Understanding Sampler Stochasticity in Training Diffusion Models for RLHF
- URL: http://arxiv.org/abs/2510.10767v1
- Date: Sun, 12 Oct 2025 19:08:38 GMT
- Title: Understanding Sampler Stochasticity in Training Diffusion Models for RLHF
- Authors: Jiayuan Sheng, Hanyang Zhao, Haoxian Chen, David D. Yao, Wenpin Tang,
- Abstract summary: This paper theoretically characterizes the reward gap and provides non-vacuous bounds for general diffusion models.<n> Empirically, our findings through large-scale experiments on text-to-image models validate that reward gaps consistently narrow over training.

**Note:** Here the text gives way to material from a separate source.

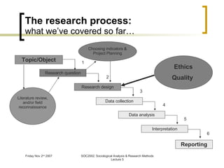 This document discusses data collection methods for sociological research, focusing on surveys and questionnaires. It explains that the choice of data collection method depends on the research question, objectives, and advantages/disadvantages of different techniques. Surveys and questionnaires are described as a common way to collect quantitative data. Key aspects of survey design discussed include question structure, layout, question wording, and delivery methods.

- Score: 11.537564997052606
- License: http://creativecommons.org/licenses/by/4.0/
- Abstract: Reinforcement Learning from Human Feedback (RLHF) is increasingly used to fine-tune diffusion models, but a key challenge arises from the mismatch between stochastic samplers used during training and deterministic samplers used during inference. In practice, models are fine-tuned using stochastic SDE samplers to encourage exploration, while inference typically relies on deterministic ODE samplers for efficiency and stability. This discrepancy induces a reward gap, raising concerns about whether high-quality outputs can be expected during inference. In this paper, we theoretically characterize this reward gap and provide non-vacuous bounds for general diffusion models, along with sharper convergence rates for Variance Exploding (VE) and Variance Preserving (VP) Gaussian models. Methodologically, we adopt the generalized denoising diffusion implicit models (gDDIM) framework to support arbitrarily high levels of stochasticity, preserving data marginals throughout. Empirically, our findings through large-scale experiments on text-to-image models using denoising diffusion policy optimization (DDPO) and mixed group relative policy optimization (MixGRPO) validate that reward gaps consistently narrow over training, and ODE sampling quality improves when models are updated using higher-stochasticity SDE training.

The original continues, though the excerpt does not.